Mais il y a plus, et c’est là d’où les ennuis pourraient venir : alors que les anticipations d’inflation à 5 ans ont monté de 1,9 points de pourcentage en un an, les taux d’intérêt à 5 ans n’ont pris que 0,5 point, tant les marchés sont convaincus que la banque centrale gardera imperturbablement le pied sur l’accélérateur. Autrement dit, le taux d’intérêt réel (le taux nominal duquel on soustrait l’inflation) à cinq ans, celui qui compte le plus pour le financement des entreprises, a baissé de près de 1,5 point de pourcentage en un an, tombant de – 0,4% à - 1,8%, encore plus bas qu’en pleine crise de l’euro, quand les marchés tentaient de se prémunir contre le cataclysme qu’aurait été l’éclatement de la zone euro. Les taux réels à 10 ans, qui importent plus pour le financement du marché immobilier, sont également négatifs, même s’ils n’ont baissé « que » de 0,4 point, à -0,9%.
… mais comment réagira l’économie à un double méga-stimulus?

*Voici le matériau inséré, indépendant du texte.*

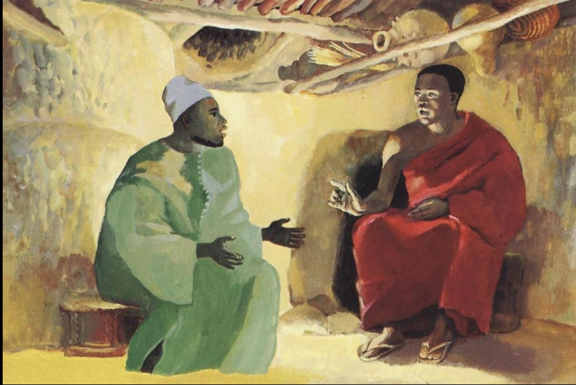
Nicodemus and Jesus -- JESUS MAFA, Cameroon
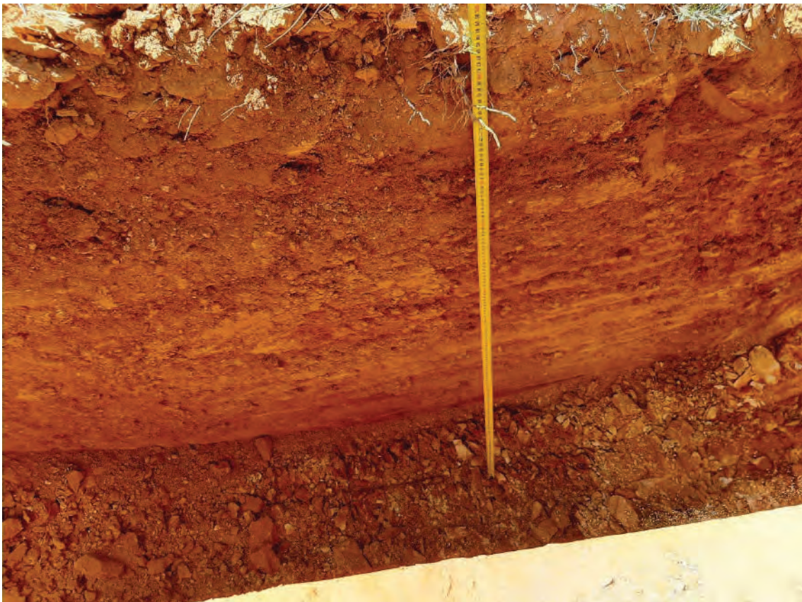
Figure 54: TPR03 Profile
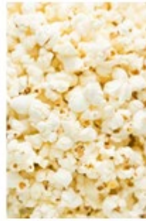
Popcorn - $1.20
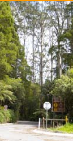
The Colac-Apollo Bay summer bus provides affordable travel over the summer holidays.

The Colac-Apollo Bay summer bus offers air conditioned travel in a comfortable 33 seater bus with luggage and surfboard storage. Book the bus bike trailer 24 hours ahead so you can bike ride around scenic Lake Elizabeth, Forrest mountain bike trail or Stevenson's Falls.
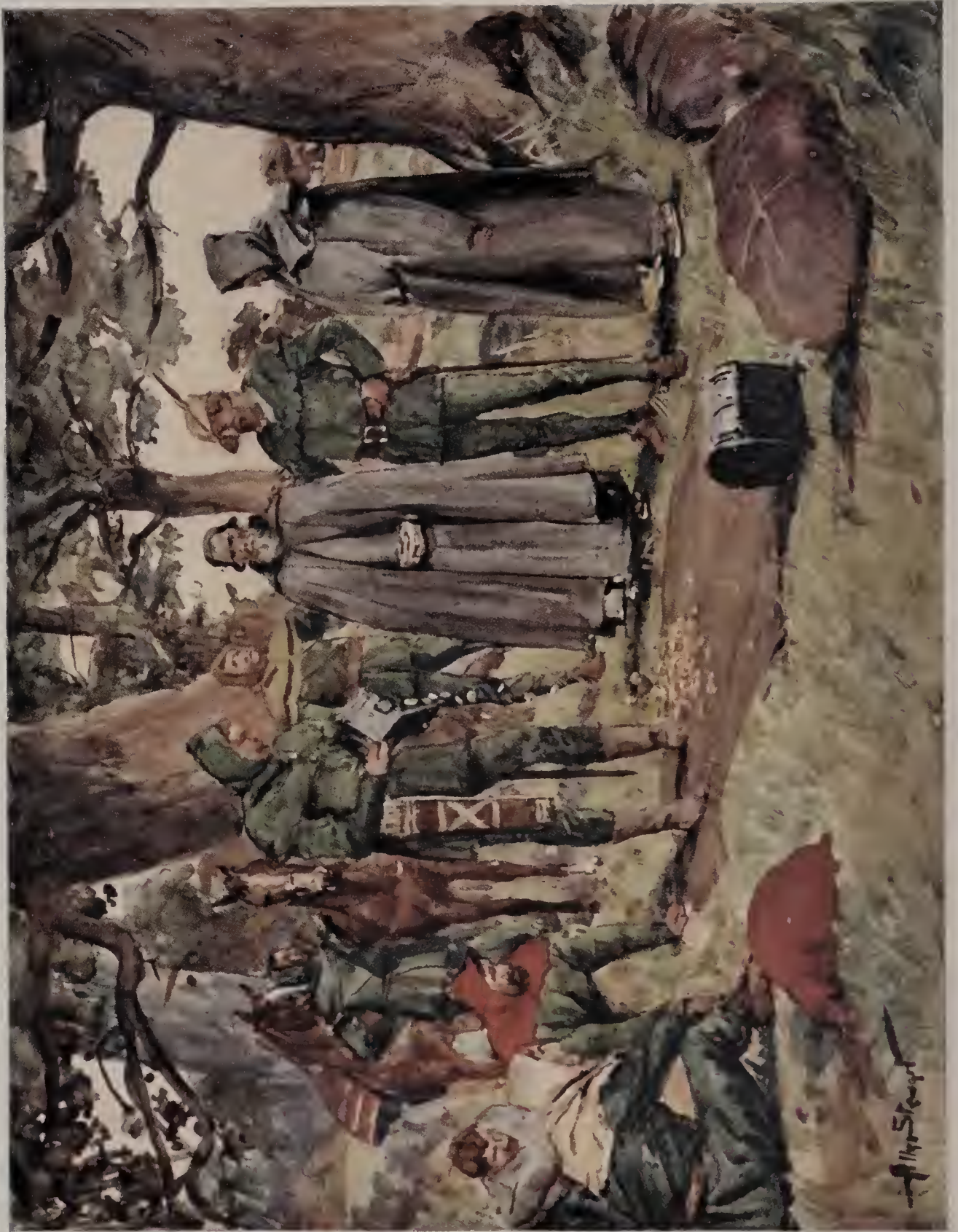
THE OUTLAWS COUNTED THE BOOTY.

Résumons. La politique budgétaire américaine a pris un virage que j’avais qualifié de néo-rooseveltien (Naissance du néo-rooseveltisme, Telos, 9 avril), visant à la fois une relance par la demande massive et des transformations structurelles : un plan d’urgence de 9% du PIB complété par un plan « emplois » ramené de 11% à 9% du PIB et un plan « familles » également de 9%du PIB. Par quelque bout qu’on prenne les choses, et même si une partie de ces dépenses sera financée par des hausse d’impôts, la politique budgétaire américaine est devenue super-expansionniste, marquant une profonde rupture avec la doctrine démocrate de l’époque Clinton-Rubin. En d’autres circonstances, la politique monétaire pourrait potentiellement limiter l’excès de demande créé par la politique budgétaire. Or c’est l’opposé qui se passe : en tenant les taux à long terme sous bonne garde –c’est l’objet de la politique quantitative— tandis que les anticipations d’inflation montent, la Réserve fédérale amplifie le caractère stimulant de sa politique de façon historique. Les taux d’intérêt réels à cinq ans sont en effet près de 3 points en dessous du taux d’intérêt réel neutre pour l’économie estimé par Laubach et Williams juste avant la crise Covid.
L’économie américaine est donc soumise à un double stimulus, budgétaire et monétaire, chacun d’ampleur historique. Et c’est là que l’analyse de risque d’Olivier Blanchard, avancée en avril 2020, au moment le plus déflationniste de la crise Covid (« Is there inflation or deflation in our future ? », Vox-EU) et bien avant le virage budgétaire –nous étions alors en plein chaos trumpien-- attire l’attention. Blanchard mentionnait trois facteurs de risque : une augmentation de la dette publique plus forte que prévue, une remontée du taux d’intérêt réel neutre et enfin, une situation où la banque centrale serait contrainte de maintenir son contrôle sur toute la gamme de taux, de façon à faciliter le refinancement de la dette publique, ce qu’on appelle parfois le risque de domination budgétaire. Ces risques sont en réalité liés, et leur probabilité est certainement amplifiée par le double stimulus.
Si les banquiers centraux n’ont pas sabré le champagne pour fêter le retour de la modeste inflation qu’ils souhaitaient, ils ont bien fait. Mieux vaut le garder au frais jusqu’à ce que, revenues au plein emploi, les économies industrielles puissent encaisser la normalisation monétaire nécessaire à prévenir un retour durable de l’inflation.